States were given enhanced funding from the federal government to load more people onto Medicaid while simultaneously being unable to disenroll anyone who didn’t make the request themselves.

Now that the COVID-19 emergency is over, states must unwind the Medicaid COVID-19 expansion and transition nonqualifying enrollees back to private health insurance and taxpayer-supported exchanges. The Urban Institute predicts as many as 15 million Americans will “lose” insurance as pandemic-era emergency declarations expire and states can resume disenrolling people who do not qualify for Medicaid.

However, the Urban Institute acknowledges that “almost all” are eligible for state-supported exchanges, employer-sponsored health insurance, or Medicaid itself through redetermination. As COVID-19 relief funds dry up, and hospitals scramble to balance their books, those who no longer qualify for Medicaid need to transition to private insurance.

Medicaid Explosion

To provide care to those who truly need it and keep health care insurance premiums more affordable to businesses and families who pay for private health insurance, states need to stop paying for people who do not qualify for social service programs, whether it be because they make too much money, live in another state, or are dead.

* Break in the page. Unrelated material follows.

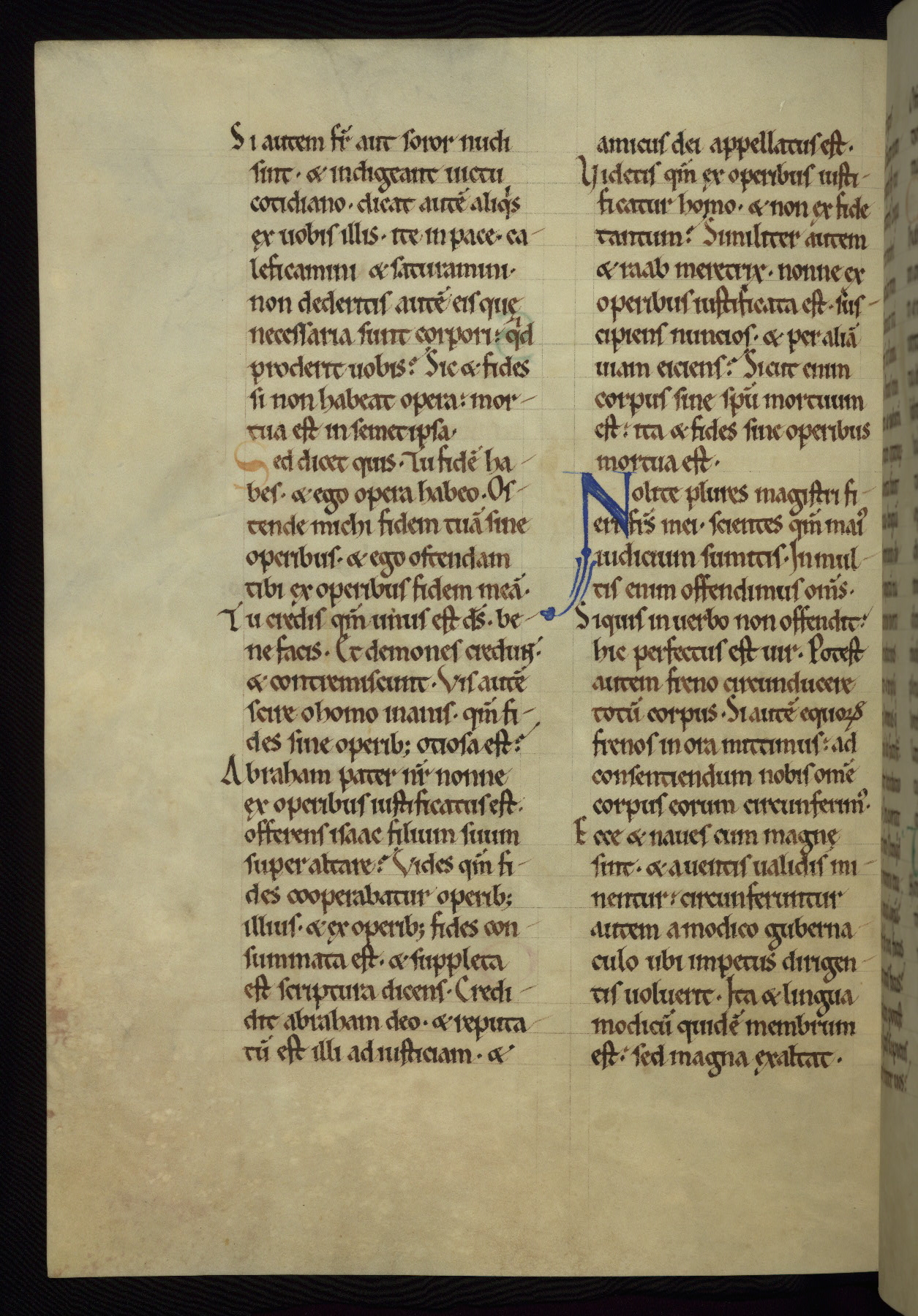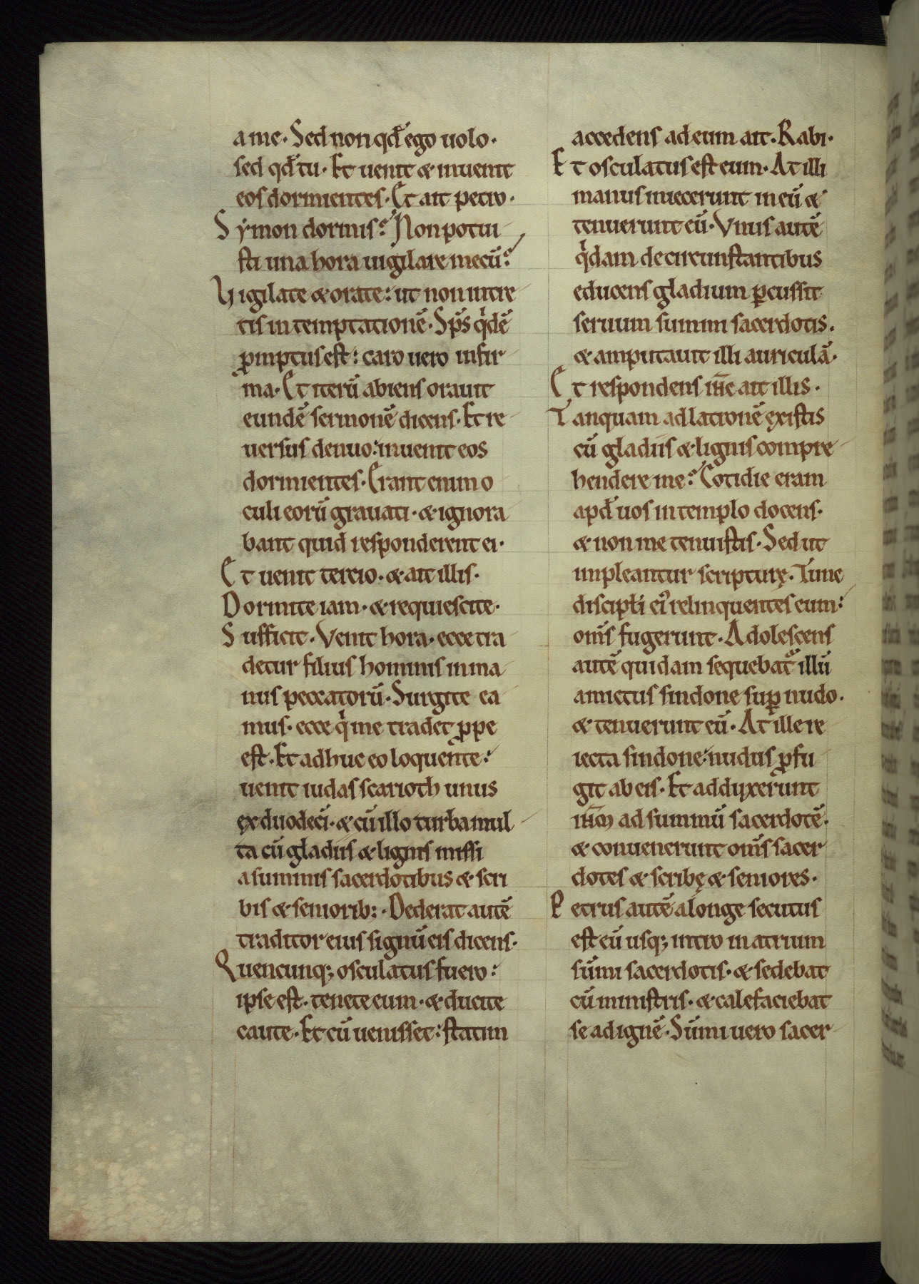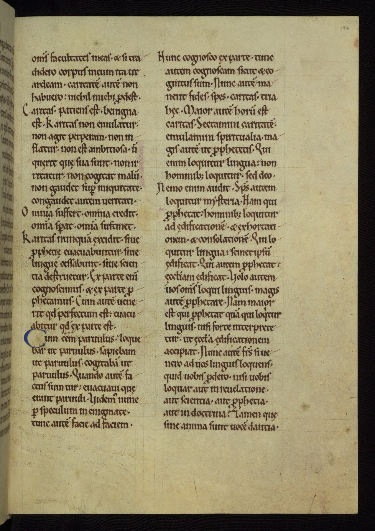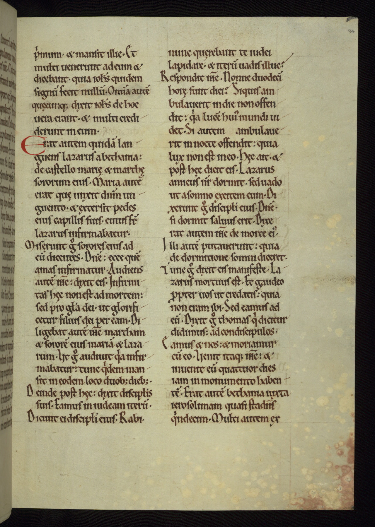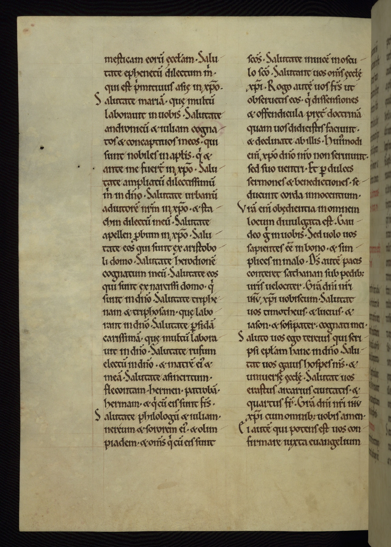 This large-format copy of the New Testament was almost certainly created at Rochester Cathedral Priory, England, in the first half of the twelfth century. It was part of a five-volume Bible, only one other volume of which, London, British Library Ms. Royal I.C.VII, has survived. The decorated initials in these manuscripts compare closely with those in other books securely attributed to Rochester. Textually these books are closely related to the Gundulph Bible (San Marino, Huntington Library Ms. HM 62), known to have been produced at Rochester in the second half of the eleventh century. Although neither the Walters' nor the British Library's volume includes an inscription associating this Bible with Rochester, the two medieval catalogs of the Rochester Cathedral library, produced around 1130 and in 1202, contain references to manuscripts that correspond well with them. The book’s large size indicates it that was designed to be read aloud, either during services or at meals in the refectory. Large, fanciful initials filled with succulent foliage, fruit, dragons, animals, and human faces begin each section of the text. Executed in a vibrant palette of red, blue, green, ochre (in place of gold), and yellow, the intricate, dynamic designs capture the essence of Romanesque manuscript illumination. Royal I.C.VII also includes four historiated initials (for the books of Joshua, I Samuel, 2 Samuel, and 2 Kings). Although the Bible was made at Rochester, the pre-Gothic script of W.18 in particular is extremely close to that practiced at nearby Canterbury at the time.

In January 2023, more than 93 million Americans were enrolled in Medicaid. According to Centers for Medicare and Medicaid Services (CMS) data, $80.6 billion was improperly spent in 2022, and a staggering $98 billion was misspent in 2021. The vast majority of these improper payments (66.4 percent for Medicaid) went to payments deemed improper because of eligibility issues.

Texas Takes Action

In Texas, state Sen. Lois Kolkhorst (R-Brenham) introduced legislation to stop some of the improper payments flowing through pandemic-related social service programs. SB 745, which makes simple changes to expand the investigations of the Office of the Attorney General (OAG), was signed into law by Gov. Greg Abbott on May 29.

The OAG investigates dozens of these cases of fraud each year. Since 2000, the OAG has recovered more than $2.5 billion for taxpayers under the Texas Medicaid Fraud Prevention Act. The OAG can now expand its scope to include the increased spending attached to associated social services, such as the Children’s Health Insurance Program and the Healthy Texas Women program, along with many others administered by the Department of State Health Services.

Texas Medicaid enrollment grew from 3.99 million in April 2020 to 5.12 million in December 2021. Much of that growth was due to the presumption of continuous eligibility. Under SB 745, enrollees will be checked for eligibility and disenrolled if they no longer qualify. State officials aim to minimize disruption by giving priority to those who are most likely to continue benefits. For example, a mother who became eligible when she became pregnant two years ago is more likely to transfer off Medicaid than her fully disabled neighbor and so will have eligibility redetermined first.

Texas has increased staff for the extra services required to unwind pandemic-era eligibility standards. Since April 2022, the Texas Health and Human Services Commission has added 1,000 eligibility staff to its workforce.

Recession-Ready

Other states are using vendors to help locate vulnerable enrollees and manage their redetermination while recapturing costs by eliminating waste, fraud, and abuse.

In Iowa, SF 494, signed into law by Gov. Kim Reynolds on June 1, tackles redetermination with the help of contracted consultants. States should continue to find meaningful ways to communicate with program enrollees to help determine their eligibility for scarce health care resources.

The Paragon Health Institute has published a list of specific steps states can take and published a paper on the cost of delaying disenrollment.

As unemployment increases, so does the size and cost of Medicaid. A future recession may give state legislators little choice but to stop paying for the health care of people who don’t qualify for Medicaid, and consider prosecuting those who are stealing health care resources from those who need it the most.